<<<<

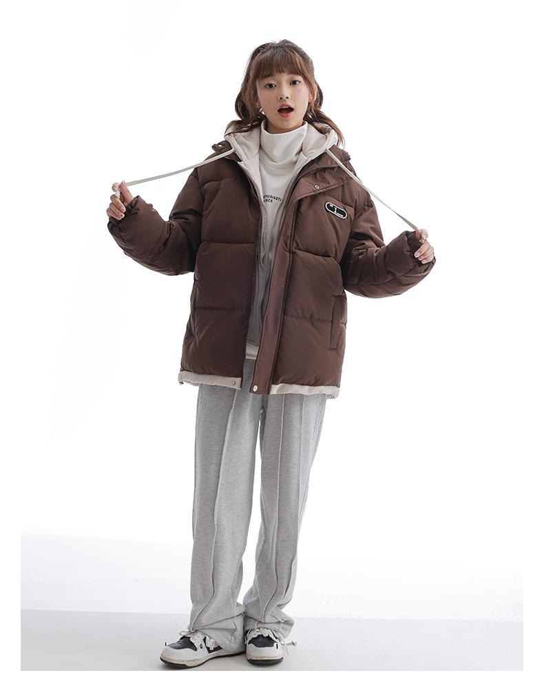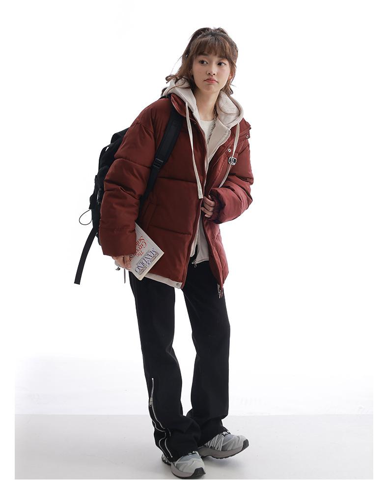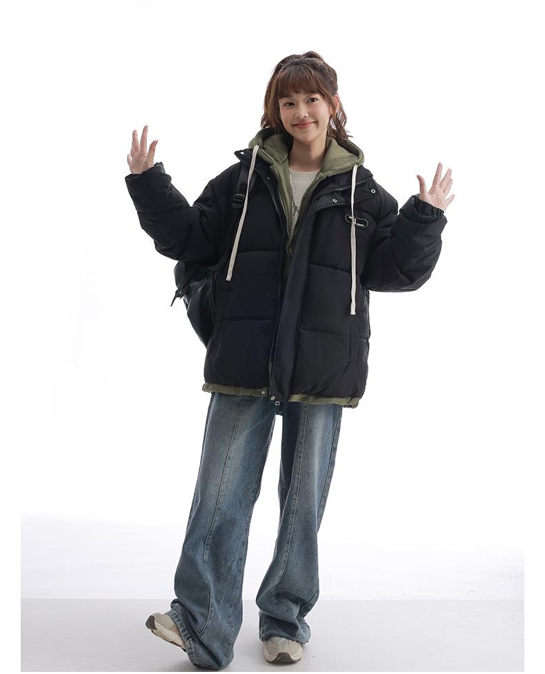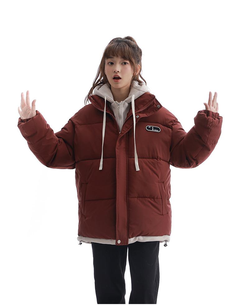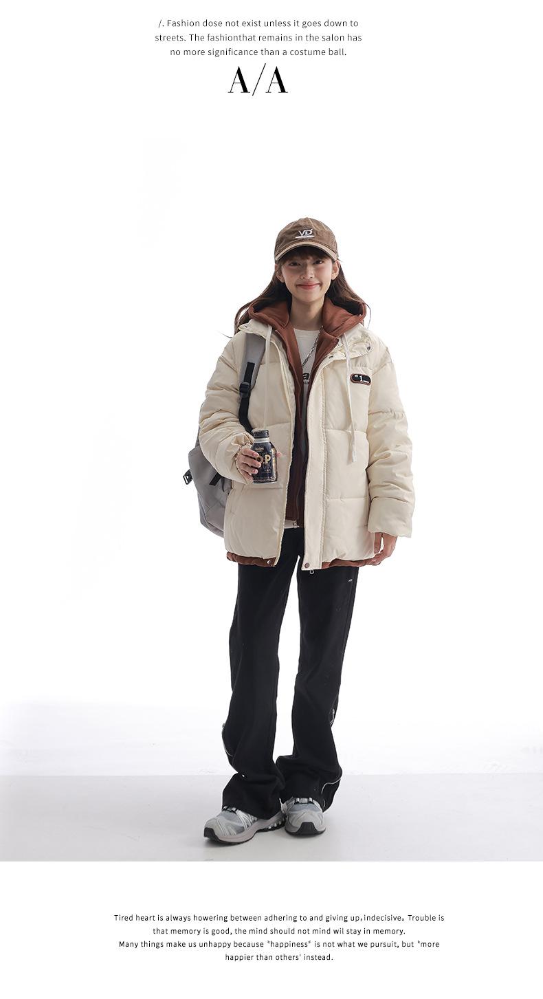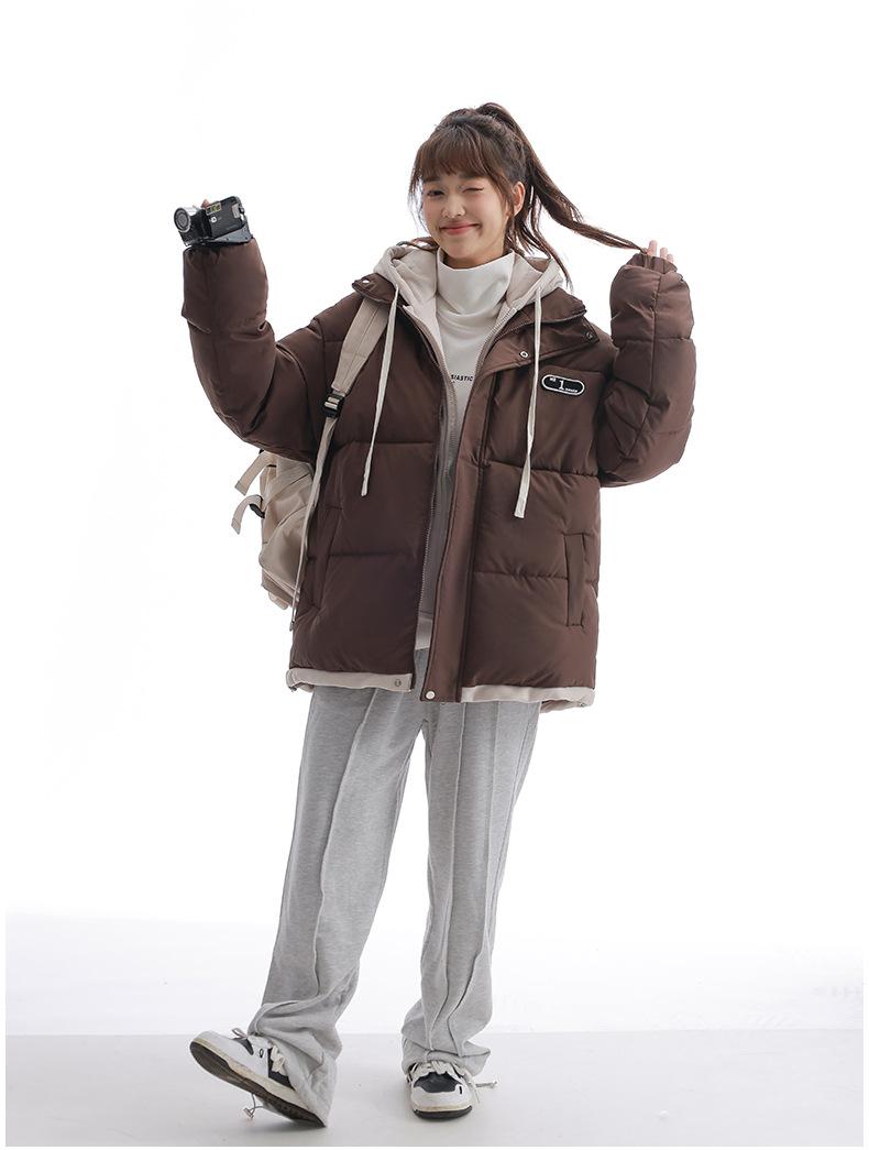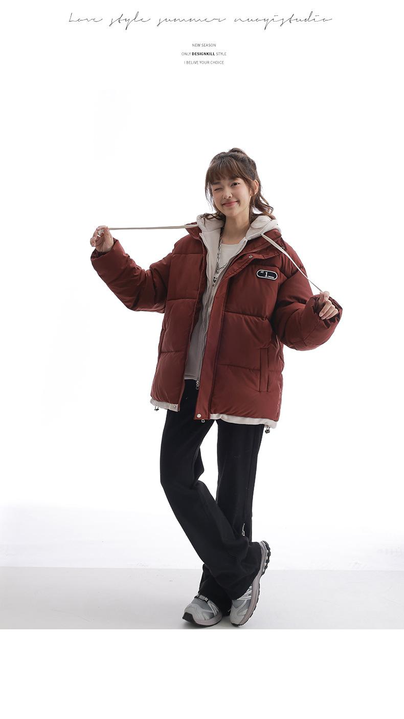 Chaqueta acolchada de algodón con capucha de dos piezas, falsa, transfronteriza, para mujer, corta, de invierno, con costuras sueltas y contraste, 2024
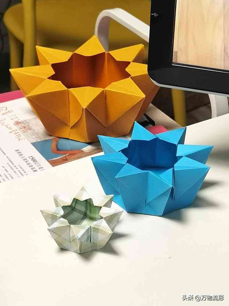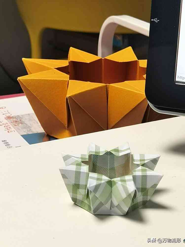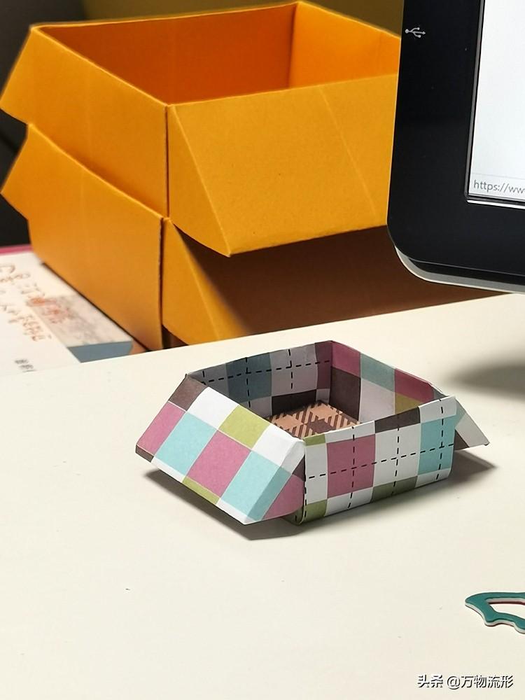 以上的盒子尺寸较大,作者选择的是4K尺寸稍硬的纸来折叠的,可用于日常收纳,部分款式尺寸跟家里的盘碗碟子差不多大小了。
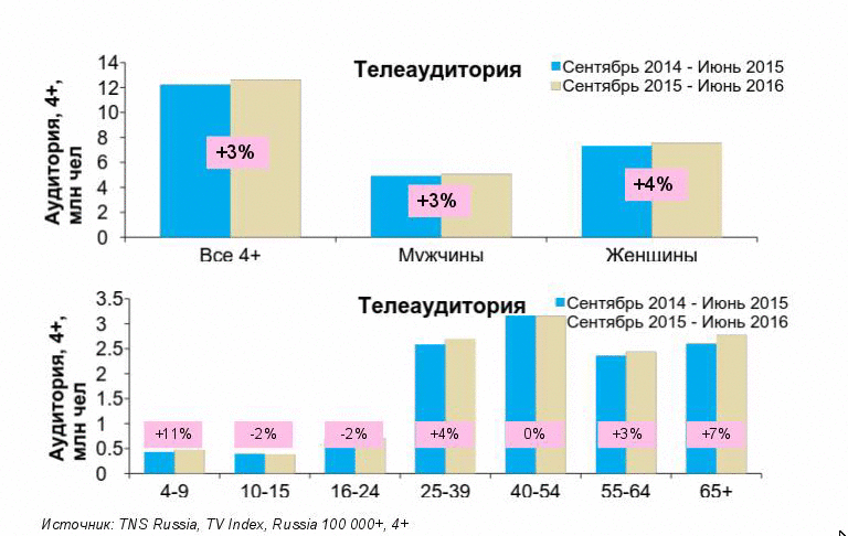 Телесезон 2015-2016 гг. показал рост аудитории на 3%, в основном, за счет детской аудитории в возрасте 4-9 лет (+11%) и зрителей старше 65 лет (+7%).
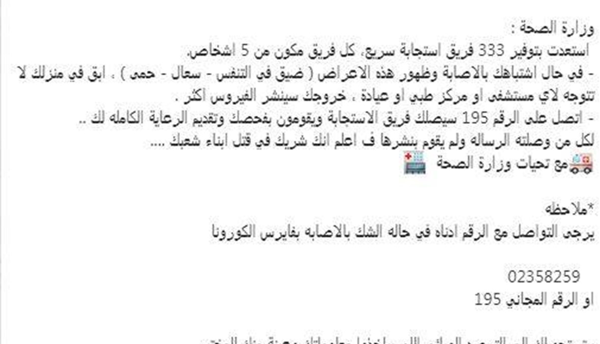 لا تطلبوا الرقم 195: هذا "التعميم" لم تصدره وزارة الصحة حول كورونا FactCheck#
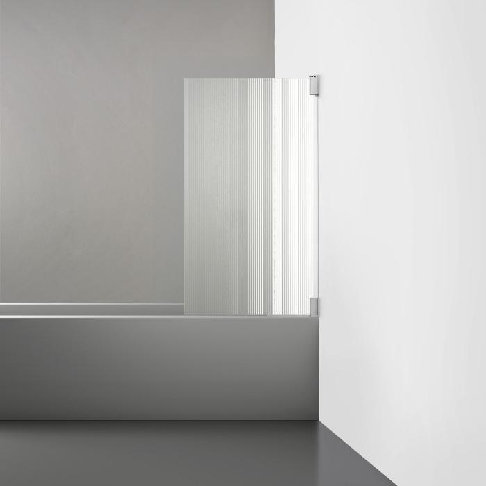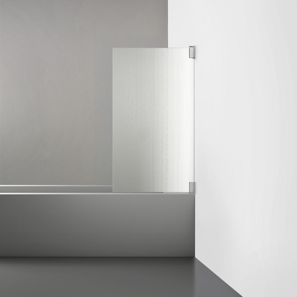 En skärmlösning som säkerställer att vattnet stannar kvar inom badkaret, tack vare en släplist och justerbara gångjärn som är designad för att möta specifika utrymmeskrav.
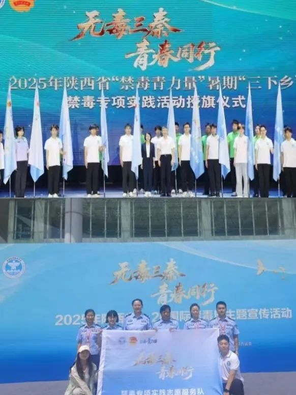 6月26日“‘毒’行睘睘”实践队学生代表前往陕西师范大学,参加了由陕西省禁毒委员会等单位联合主办的“无毒三秦、青春同行”2025年陕西省6.26国际禁毒日主题宣传活动及授旗仪式。活动中,队员康佳瑞作为志愿者代表庄重接过队旗,这一仪式宣告实践活动正式启动,也明晰了团队的责任与目标,为后续禁毒实践工作吹响“青春集结号”。
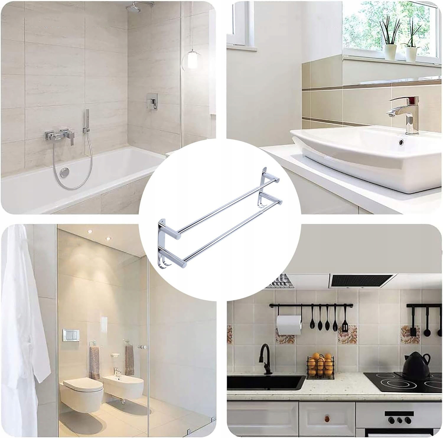 ✅✅ Стержень для полотенца: регулируемая вешалка для полотенец длиной 50-90 см. Это может быть развернуто, если это необходимо, это очень полезно и практично. 2 дополнительные крючки для подвесной ванной или кухонной аксессуары. Устойчив к воде и масле. Длился во влажной среде. Большая грузоподъемность, гладкие края и полированные. Кроме того, он предотвращает лучшее количество полотенца и обеспечивает достаточно места для хранения, благодаря которому оно может удовлетворить потребности всей семьи. стена. Легко установить, просто, но практично. Болты в наборе. После использования просто очистите вешалку для полотенца мягкой хлопковой тканью. Дома или отеля и офиса, где требуется вешалка для полотенец
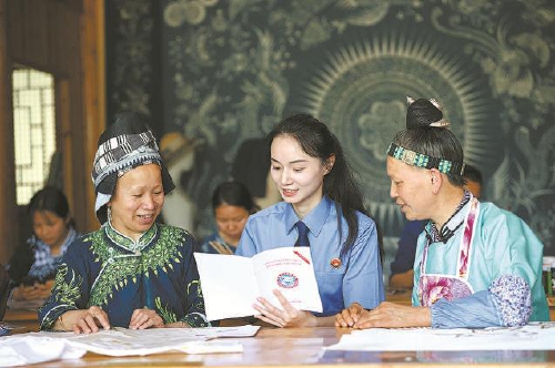 近日,贵州省丹寨县检察院检察官来到该县龙泉镇卡拉村非遗文创基地,向苗族蜡染非遗手工艺人宣传讲解非物质文化遗产保护相关法律知识。
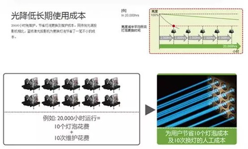 (5)長期成本較低:乍看之下,燈泡機是便宜的選擇,但算上使用壽命成本,激光還是相對劃算。
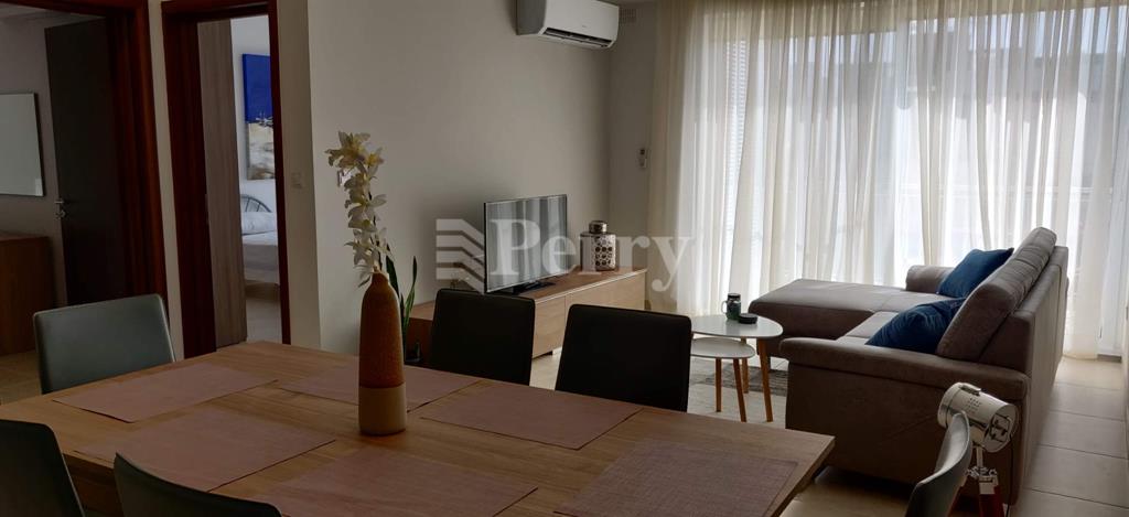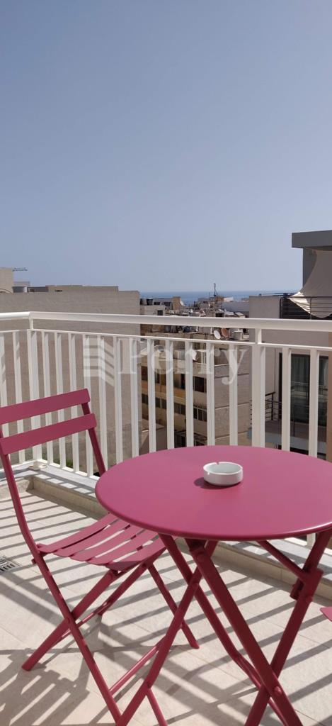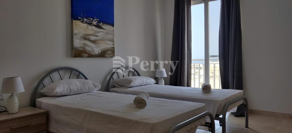 This fully equipped and air-conditioned property is located in the heart of Qawra, close to all daily amenities. It comprises two double bedrooms, including an en-suite shower room, a main bathroom, and an additional study fitted with a sofa bed. The apartment features a separate laundry room with both a washer and dryer, as well as a bright open-plan, fully fitted kitchen, living, and dining area leading onto a front terrace enjoying distant sea views. Finished to a good standard throughout, the property offers comfortable and practical living in a highly convenient location.
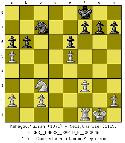 Last move : 1-0 2011 February 19 17:14:5 [Event "FICGS__CHESS__RAPID_E__000046"] [Site "FICGS"] [Date "2011.02.07"] [Round "1"] [White "Kehayov,Yulian"] [Black "Neil,Charlie"] [Result "1-0"] [WhiteElo "1071"] [BlackElo "1119"] 1.e4 c5 2.Nc3 Nc6 3.Nf3 d6 4.d4 cxd4 5.Nxd4 Nf6 6.Bc4 e6 7.O-O Be7 8.Be2 a6 9.Be3 Nxd4 10.Qxd4 Bd7 11.f4 O-O 12.e5 dxe5 13.fxe5 Ne8 14.Rad1 Bc6 15.Qxd8 Rxd8 16.Rxd8 Bxd8 17.Bc5 Ba5 18.Bf3 Bxf3 19.gxf3 Nc7 20.b4 b6 21.Bxf8 Kxf8 22.bxa5 1-0 Sicilian : Closed, 2...Nc6 Kingside Castling by player White (move 7) Kingside Castling by player Black (move 11) Player White won this chess game. Follow this game move after move (download)Chess is so inspiring that I do not believe a good player is capable of having an evil thought during the game. (Wilhelm Steinitz) Matt entspricht nicht immer den Tatsachen. (Savielly Grigorievitsch Tartakower) La maestría del Ajedrez consiste esencialmente en analizar posiciónes de Ajedrez con precisión. (Mikhail Botvinnik) Botvinnik disait en comparant les échecs à la musique: Il existe une science dont le but est l'étude de l'acoustique et des sons. Mais il y a aussi un art qui se sert de l'océan des sons : c'est la musique. De toute évidence, il en est de même pour la pensée. La logique est l'étude des lois de la réflexion et les échecs reflètent, en tant qu'art, le côté logique de la réflexion, sous la forme d'images artistiques... Extrait de Fischer - Spassky, Reykjavik 1972 par Alexander & F. Wyndham (Ed. Solar), p 37. A good aphorism is too hard for the tooth of time, and is not worn away with the centuries, although it serves as food for every speech. (Friedrich Nietzsche)
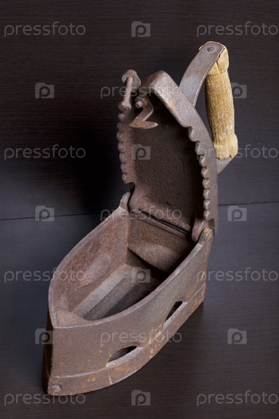 Старый утюг, нагретый горячими углями. Открытый угольный отсек. Расположен на темном фоне
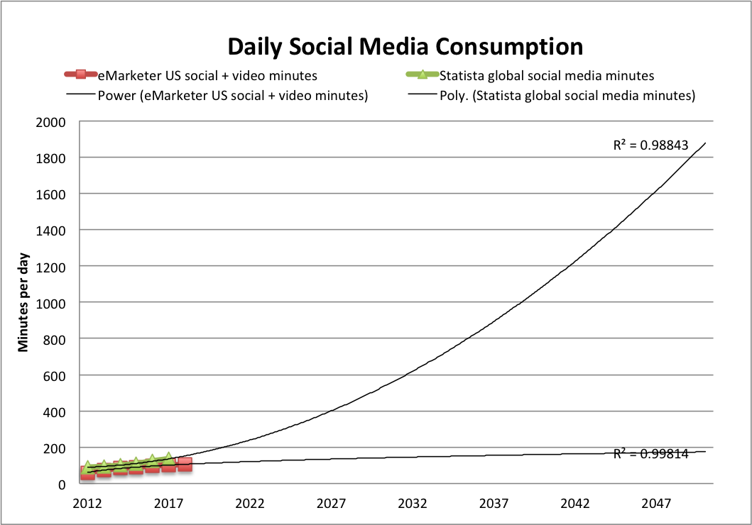 I also noticed in reading qualitative discussions that Facebook and YouTube’s average daily minutes are very similar, with video getting a bit more time, and this is also the shown in eMarketer’s data, with the gap slowly widening in video’s favor. I’ve extrapolated eMarketer’s social and video figures separately to show how that divergence might take shape (again, the power trendline seemed to fit best).
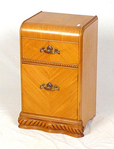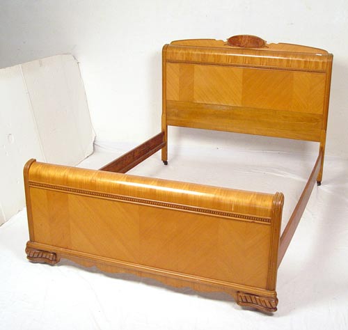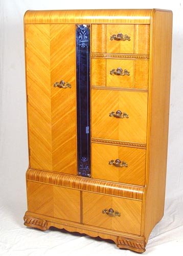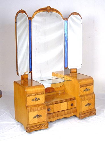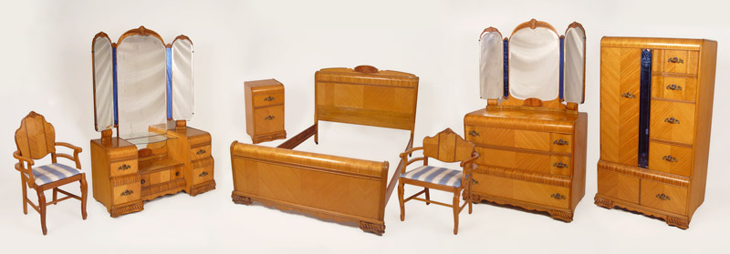 7 PIECE WATERFALL BLUE MIRROR GLASS 1940 ART DECO WATERFALL BEDROOM SUITE: To include BED (headboard measures 47 3/4'' high x 55 3/4'' wide, footboard 24 1/2'' high, note non matching bed rails) , DRESSER with Mirror (75'' high x 44'' wide x 22 1/2'' deep), VANITY with mirror and BENCH (33'' high x 23 1/2'' wide x 16'' deep), ARMOIRE (63 3/8'' high x 36'' wide x 22 1/2'' deep), ARM CHAIR (37'' high x 18 1/4'' wide x 16'' deep), and NIGHTSTAND (27'' high x 16'' wide x 14'' deep). Sold with original 1940 payment book from Miller & Dobrin Furniture Co., Passaic N.J.

>>>>

Without including any pictures, print each record exactly.

 Chaqueta acolchada de algodón con capucha de dos piezas, falsa, transfronteriza, para mujer, corta, de invierno, con costuras sueltas y contraste, 2024
 以上的盒子尺寸较大,作者选择的是4K尺寸稍硬的纸来折叠的,可用于日常收纳,部分款式尺寸跟家里的盘碗碟子差不多大小了。
 Телесезон 2015-2016 гг. показал рост аудитории на 3%, в основном, за счет детской аудитории в возрасте 4-9 лет (+11%) и зрителей старше 65 лет (+7%).
 لا تطلبوا الرقم 195: هذا "التعميم" لم تصدره وزارة الصحة حول كورونا FactCheck#
 En skärmlösning som säkerställer att vattnet stannar kvar inom badkaret, tack vare en släplist och justerbara gångjärn som är designad för att möta specifika utrymmeskrav.
 6月26日“‘毒’行睘睘”实践队学生代表前往陕西师范大学,参加了由陕西省禁毒委员会等单位联合主办的“无毒三秦、青春同行”2025年陕西省6.26国际禁毒日主题宣传活动及授旗仪式。活动中,队员康佳瑞作为志愿者代表庄重接过队旗,这一仪式宣告实践活动正式启动,也明晰了团队的责任与目标,为后续禁毒实践工作吹响“青春集结号”。
 ✅✅ Стержень для полотенца: регулируемая вешалка для полотенец длиной 50-90 см. Это может быть развернуто, если это необходимо, это очень полезно и практично. 2 дополнительные крючки для подвесной ванной или кухонной аксессуары. Устойчив к воде и масле. Длился во влажной среде. Большая грузоподъемность, гладкие края и полированные. Кроме того, он предотвращает лучшее количество полотенца и обеспечивает достаточно места для хранения, благодаря которому оно может удовлетворить потребности всей семьи. стена. Легко установить, просто, но практично. Болты в наборе. После использования просто очистите вешалку для полотенца мягкой хлопковой тканью. Дома или отеля и офиса, где требуется вешалка для полотенец
 近日,贵州省丹寨县检察院检察官来到该县龙泉镇卡拉村非遗文创基地,向苗族蜡染非遗手工艺人宣传讲解非物质文化遗产保护相关法律知识。
 (5)長期成本較低:乍看之下,燈泡機是便宜的選擇,但算上使用壽命成本,激光還是相對劃算。
 This fully equipped and air-conditioned property is located in the heart of Qawra, close to all daily amenities. It comprises two double bedrooms, including an en-suite shower room, a main bathroom, and an additional study fitted with a sofa bed. The apartment features a separate laundry room with both a washer and dryer, as well as a bright open-plan, fully fitted kitchen, living, and dining area leading onto a front terrace enjoying distant sea views. Finished to a good standard throughout, the property offers comfortable and practical living in a highly convenient location.
 Last move : 1-0 2011 February 19 17:14:5 [Event "FICGS__CHESS__RAPID_E__000046"] [Site "FICGS"] [Date "2011.02.07"] [Round "1"] [White "Kehayov,Yulian"] [Black "Neil,Charlie"] [Result "1-0"] [WhiteElo "1071"] [BlackElo "1119"] 1.e4 c5 2.Nc3 Nc6 3.Nf3 d6 4.d4 cxd4 5.Nxd4 Nf6 6.Bc4 e6 7.O-O Be7 8.Be2 a6 9.Be3 Nxd4 10.Qxd4 Bd7 11.f4 O-O 12.e5 dxe5 13.fxe5 Ne8 14.Rad1 Bc6 15.Qxd8 Rxd8 16.Rxd8 Bxd8 17.Bc5 Ba5 18.Bf3 Bxf3 19.gxf3 Nc7 20.b4 b6 21.Bxf8 Kxf8 22.bxa5 1-0 Sicilian : Closed, 2...Nc6 Kingside Castling by player White (move 7) Kingside Castling by player Black (move 11) Player White won this chess game. Follow this game move after move (download)Chess is so inspiring that I do not believe a good player is capable of having an evil thought during the game. (Wilhelm Steinitz) Matt entspricht nicht immer den Tatsachen. (Savielly Grigorievitsch Tartakower) La maestría del Ajedrez consiste esencialmente en analizar posiciónes de Ajedrez con precisión. (Mikhail Botvinnik) Botvinnik disait en comparant les échecs à la musique: Il existe une science dont le but est l'étude de l'acoustique et des sons. Mais il y a aussi un art qui se sert de l'océan des sons : c'est la musique. De toute évidence, il en est de même pour la pensée. La logique est l'étude des lois de la réflexion et les échecs reflètent, en tant qu'art, le côté logique de la réflexion, sous la forme d'images artistiques... Extrait de Fischer - Spassky, Reykjavik 1972 par Alexander & F. Wyndham (Ed. Solar), p 37. A good aphorism is too hard for the tooth of time, and is not worn away with the centuries, although it serves as food for every speech. (Friedrich Nietzsche)
 Старый утюг, нагретый горячими углями. Открытый угольный отсек. Расположен на темном фоне
 I also noticed in reading qualitative discussions that Facebook and YouTube’s average daily minutes are very similar, with video getting a bit more time, and this is also the shown in eMarketer’s data, with the gap slowly widening in video’s favor. I’ve extrapolated eMarketer’s social and video figures separately to show how that divergence might take shape (again, the power trendline seemed to fit best).
 7 PIECE WATERFALL BLUE MIRROR GLASS 1940 ART DECO WATERFALL BEDROOM SUITE: To include BED (headboard measures 47 3/4'' high x 55 3/4'' wide, footboard 24 1/2'' high, note non matching bed rails) , DRESSER with Mirror (75'' high x 44'' wide x 22 1/2'' deep), VANITY with mirror and BENCH (33'' high x 23 1/2'' wide x 16'' deep), ARMOIRE (63 3/8'' high x 36'' wide x 22 1/2'' deep), ARM CHAIR (37'' high x 18 1/4'' wide x 16'' deep), and NIGHTSTAND (27'' high x 16'' wide x 14'' deep). Sold with original 1940 payment book from Miller & Dobrin Furniture Co., Passaic N.J.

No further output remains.